Asked in an interview whether Mr. Christie could unite the party’s factions, Newt Gingrich, the former House speaker, responded flatly: “No. I don’t think Chris Christie has any interest in bridging that divide because he’ll run as an aggressive, Northeastern moderate who can get something done. I don’t see him using conservative language. He might be able to get nominated, but it will be running as a personality leader, not a movement leader.”
To an influential bloc of the Republican establishment, of course, Mr. Christie is nothing short of a savior — a charismatic governor with not a whiff of Washington on him, with a proven ability to get votes from the constituencies that have proved resistant to the Republican Party in recent elections, like women and Hispanics.
The excitement is especially noticeable among many party operatives, contributors and insiders, who see Mr. Christie as perhaps their only bet to defeat Hillary Clinton if former Gov. Jeb Bush of Florida does not run.
“I think he should definitely consider running for president, and I think he will find there’s an enormous, an enormous, amount of pressure from people who want to support him,” said former Gov. Haley Barbour of Mississippi.
Gov. Susana Martinez of New Mexico, who spent the final days of Mr. Christie’s re-election campaign stumping for him in New Jersey, said, “I love his authenticity, I love who he is,” and added an unprompted endorsement: “I will support Governor Christie in anything he decides to do in life.”

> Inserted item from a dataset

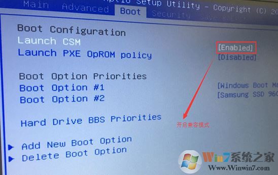 2、切換到BOOT的選項,把Launch CSM由disabled改成enabled,開啟兼容模式,然后按F10保存設置;

But Mr. Christie’s foes have clout, too. Rush Limbaugh, the conservative talk show host, has mockingly suggested that Mr. Christie will run for president as a Democrat, and the conservative website impresario Matt Drudge has made clear he has little regard for him. “McAuliffe, De Blasio and Christie: Triple feature in a Republican’s nightmare,” Mr. Drudge said in a Twitter post after the results of Tuesday’s elections, grouping Mr. Christie with the Democratic governor-elect of Virginia and the Democratic mayor-elect of New York City.
For all the grumbles about Mr. Christie’s positions on issues like same-sex marriage, for example, or even griping about his embrace of President Obama after Hurricane Sandy, the underlying issue with the right wing appears to be trust: Many are skeptical that he is committed to advancing the conservative movement, much as they came to be about President George W. Bush.
They also worry that any campaign by Mr. Christie is destined to be centered entirely on his pugnacious style, rather than a broader Republican agenda.
“Personality campaigns that get the political establishment all hot and bothered tend not to work in the G.O.P. primaries,” said Craig Shirley, a conservative historian who has written about Ronald Reagan’s campaigns. “At least not for very long.”
“Christie needs a signature issue and he needs to resist the temptation to go to war with the conservatives and the Tea Party,” Mr. Shirley said.
To many in the party’s grass roots, though, it may not matter what Mr. Christie does.
“We want somebody special, a real limited-government conservative,” said Eric Stamper, a Tennessee Tea Party activist. “I don’t think that’s him.”